NVIDIA AgentPerf Benchmark: Blackwell Ultra Delivers 20x More Agents per Megawatt vs Hopper
Summary
Key Takeaways
NVIDIA announces first results from AgentPerf, the inaugural benchmark for agentic AI infrastructure. The GB300 NVL72 platform runs up to 20x more concurrent agents per megawatt than the HGX H200 when serving DeepSeek V4 Pro, a large MoE model.
Developed by Artificial Analysis, AgentPerf simulates real coding agent trajectories—reading files, editing code, executing commands—across 12+ languages. It measures how many agent tasks can be supported while meeting 20 and 60 tokens/s SLOs. Tool calls are simulated with CPU time to isolate accelerator performance.
Performance stems from full-stack co-design: GB300 NVL72 connects 72 GPUs in a rack-scale system for efficient MoE distribution; CUDA kernels overlap communication and compute; TensorRT LLM separates input processing from output generation. NVIDIA states the Vera Rubin architecture is now in full production.
Why It Matters
NVIDIA's AgentPerf benchmark is a defensive move to contain AMD Instinct and Intel Gaudi in the agentic AI inference race, and to encircle Google TPU by defining agents-per-watt as the new industry metric. This locks enterprise procurement into NVIDIA's efficiency yardstick.

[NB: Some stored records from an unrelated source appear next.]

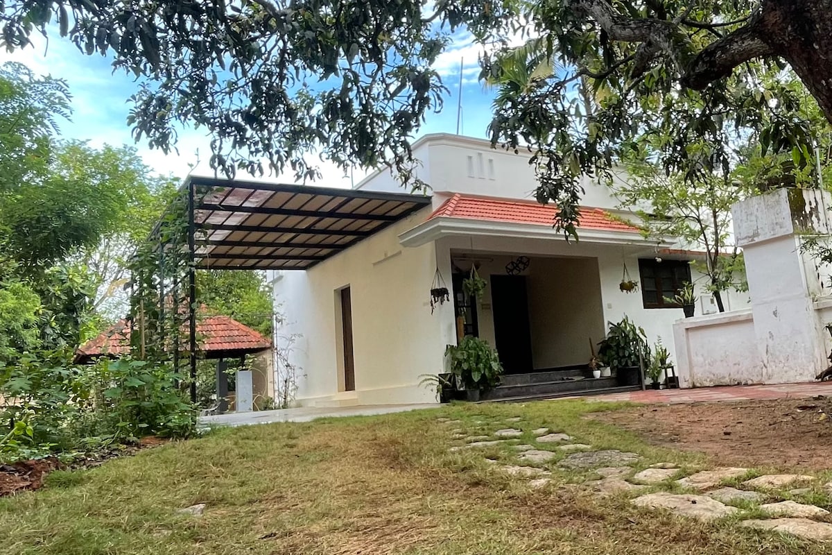 Welcome to Padnamabham, your serene retreat in Trivandrum! Just 5 minutes from Trivandrum Airport and Padmanabha Swamy Temple, and 20 minutes from Kovalam Beach, our fully furnished 3 BHK villa is ideal for long stays. Enjoy modern amenities, including a cozy living area with a 55-inch TV, high-speed Wi-Fi, and a fully equipped kitchen. Relax on the spacious balcony surrounded by greenery, perfect for unwinding after exploring Trivandrum's best attractions.
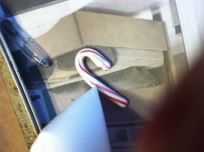 3. a efectos de estética añadí bastones de caramelo alrededor de la puerta. Tubo una línea de formación de hielo real a lo largo de la caña de azúcar y mantenga a la casa de pan de jengibre durante unos minutos asegurar la seguridad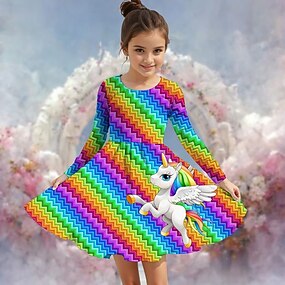 الفتيات 3D آحادي القرن فستان بدون كم الصيف الربيع عطلة مناسب للبس اليومي مناسب للعطلات أميرة جميل حلو أطفال 4-12 سنة لباس غير رسمي فستان شكل حرف A طول الركبة عادي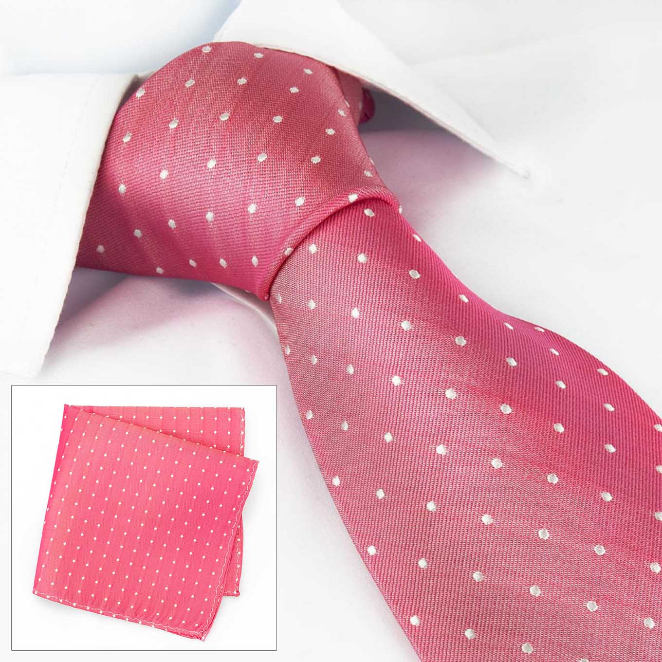 Fuchsia Polka Dot Woven Silk Tie & Handkerchief Set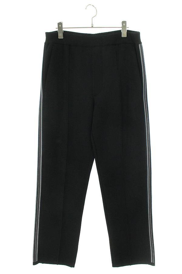 ランク:N (新品)状態備考:-ブランド:プラダサイズ:48色:ブラック実寸:ウエスト幅39cm 股上32cm ワタリ幅33cm 股下74cm 裾幅21cm重さ:-素材:(表地) ウール90%、シルク10% (皮革) 牛革付属品:タグありその他特徴:-管理番号:10829-231125-0245

Hidden lock-in: TensorRT LLM and CUDA create a software dependency that makes agentic workloads hard to migrate. NVLink and NVSwitch rack-scale integration further ties customers to NVIDIA hardware.
Omitted limitations: GB300 NVL72 is a rack-scale system requiring liquid cooling—incompatible with most air-cooled data centers. The 20x gain is vs H200, not absolute agent count. Tool call simulation ignores real-world tail latency and PFC/ECN congestion bottlenecks that degrade performance in production networks.
PRO Decision
[Vendors] (AMD, Intel): Collaborate with third-party benchmark orgs (e.g., MLPerf) to create agentic AI tests using diverse models (Llama 4, Grok) and real network latency, exposing NVIDIA's weaknesses in air-cooled environments. Promote ROCm and OpenVINO for agent workloads and emphasize cross-platform portability to break CUDA lock-in.
[Enterprises] (CIOs, Architects): Demand absolute agent counts (not just per-watt) and run independent benchmarks in your existing data center conditions. Evaluate AMD MI400 or Intel Gaudi 3 under the same power budget. Beware of TensorRT LLM version lock causing legacy model performance degradation.
[Investors]: AgentPerf reinforces NVIDIA's inference moat, but the 20x gain is partly generational (H200→GB300). Watch for AMD and Intel dedicated agentic AI accelerators and whether open benchmarks (e.g., MLPerf Agent) dilute NVIDIA's metric control.